GIVEN RECORDS below:
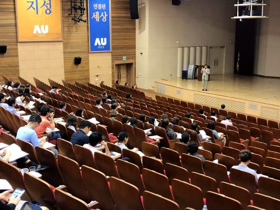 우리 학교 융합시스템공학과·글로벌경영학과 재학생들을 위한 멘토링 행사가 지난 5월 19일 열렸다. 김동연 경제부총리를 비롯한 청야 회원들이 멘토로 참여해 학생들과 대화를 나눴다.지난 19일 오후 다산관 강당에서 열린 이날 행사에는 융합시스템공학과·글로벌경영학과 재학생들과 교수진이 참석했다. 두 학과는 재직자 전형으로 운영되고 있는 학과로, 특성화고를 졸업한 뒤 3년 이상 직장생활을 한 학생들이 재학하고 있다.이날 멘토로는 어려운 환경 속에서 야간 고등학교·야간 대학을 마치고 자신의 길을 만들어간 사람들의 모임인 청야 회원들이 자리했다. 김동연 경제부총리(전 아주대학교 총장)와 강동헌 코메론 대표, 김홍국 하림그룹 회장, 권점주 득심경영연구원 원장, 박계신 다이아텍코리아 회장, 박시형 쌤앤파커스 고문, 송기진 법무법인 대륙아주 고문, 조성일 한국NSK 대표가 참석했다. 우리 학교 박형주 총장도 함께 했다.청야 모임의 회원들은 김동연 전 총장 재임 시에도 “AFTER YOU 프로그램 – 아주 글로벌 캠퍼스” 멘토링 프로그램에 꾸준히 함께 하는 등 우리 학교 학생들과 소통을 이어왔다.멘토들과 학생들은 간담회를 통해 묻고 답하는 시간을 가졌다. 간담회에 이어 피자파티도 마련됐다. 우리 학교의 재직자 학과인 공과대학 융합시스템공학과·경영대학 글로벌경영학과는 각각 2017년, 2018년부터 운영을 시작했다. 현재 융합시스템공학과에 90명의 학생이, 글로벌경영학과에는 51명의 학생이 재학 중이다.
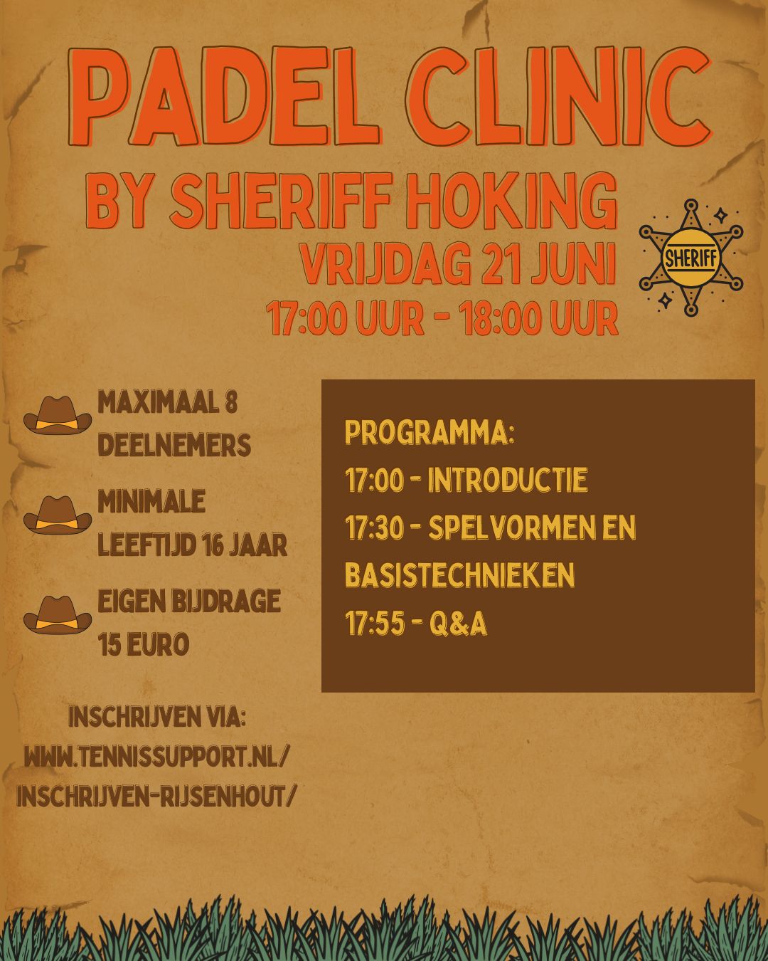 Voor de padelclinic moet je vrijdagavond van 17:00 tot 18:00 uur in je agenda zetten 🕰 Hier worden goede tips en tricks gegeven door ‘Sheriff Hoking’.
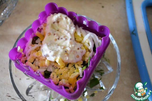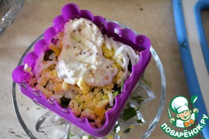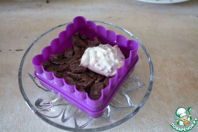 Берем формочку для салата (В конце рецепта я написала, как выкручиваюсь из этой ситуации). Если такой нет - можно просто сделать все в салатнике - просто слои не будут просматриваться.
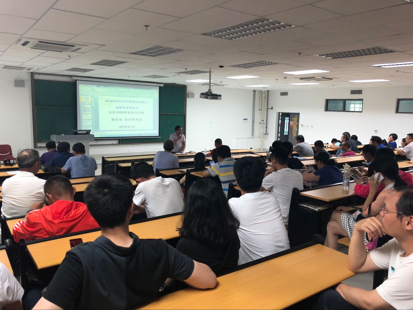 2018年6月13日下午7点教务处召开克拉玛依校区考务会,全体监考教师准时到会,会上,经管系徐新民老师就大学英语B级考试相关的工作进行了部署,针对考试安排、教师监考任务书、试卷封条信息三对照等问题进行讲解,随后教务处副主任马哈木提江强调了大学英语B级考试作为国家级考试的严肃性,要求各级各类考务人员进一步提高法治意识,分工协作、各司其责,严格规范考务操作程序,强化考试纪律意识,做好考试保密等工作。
End of GIVEN RECORDS.
GIVEN RECORDS below:
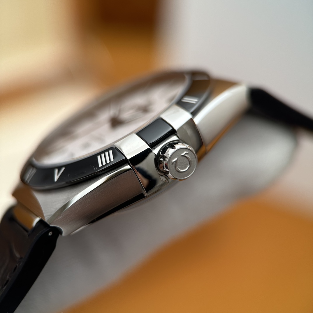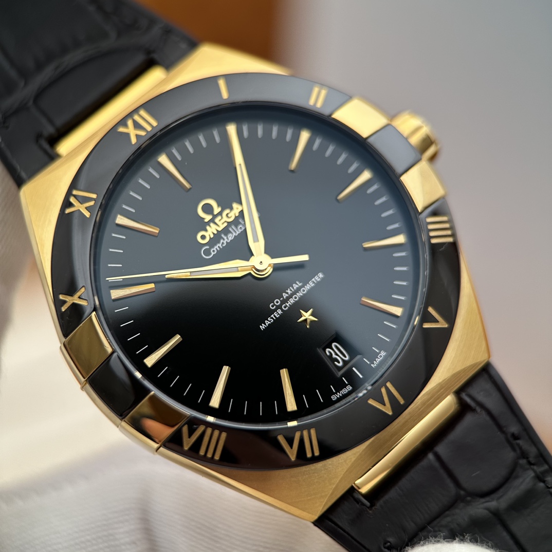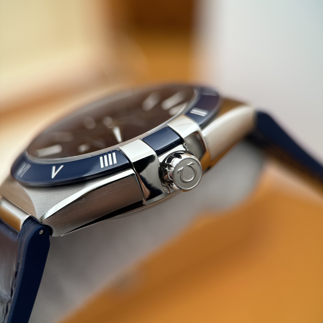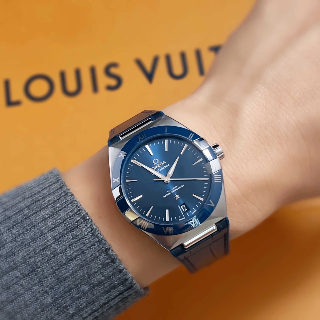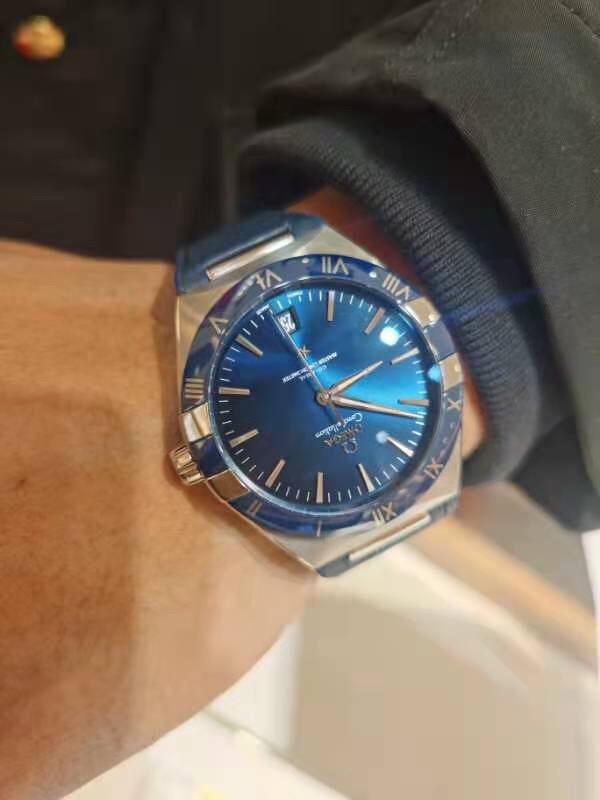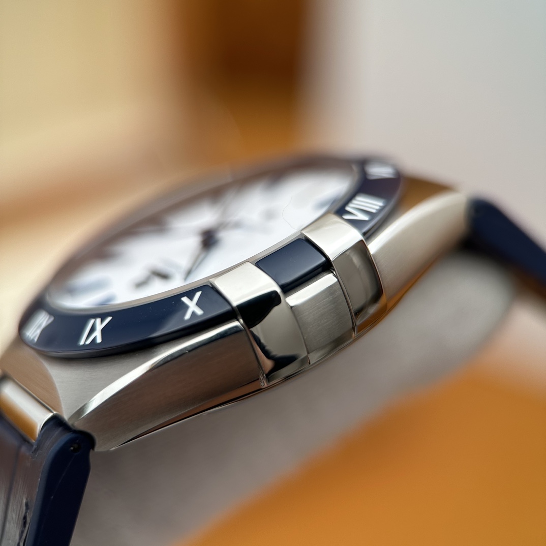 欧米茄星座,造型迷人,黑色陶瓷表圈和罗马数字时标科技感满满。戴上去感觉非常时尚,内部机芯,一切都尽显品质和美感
End of GIVEN RECORDS.
# TASK OBJECTIVE
In the entries above, find the line containing "Voor de padelclinic" and the line containing "Берем формочку для"; give again exactly those two lines and every line between them, minus the pictures.

# RESULT OF THIS TASK
 Voor de padelclinic moet je vrijdagavond van 17:00 tot 18:00 uur in je agenda zetten 🕰 Hier worden goede tips en tricks gegeven door ‘Sheriff Hoking’.
 Берем формочку для салата (В конце рецепта я написала, как выкручиваюсь из этой ситуации). Если такой нет - можно просто сделать все в салатнике - просто слои не будут просматриваться.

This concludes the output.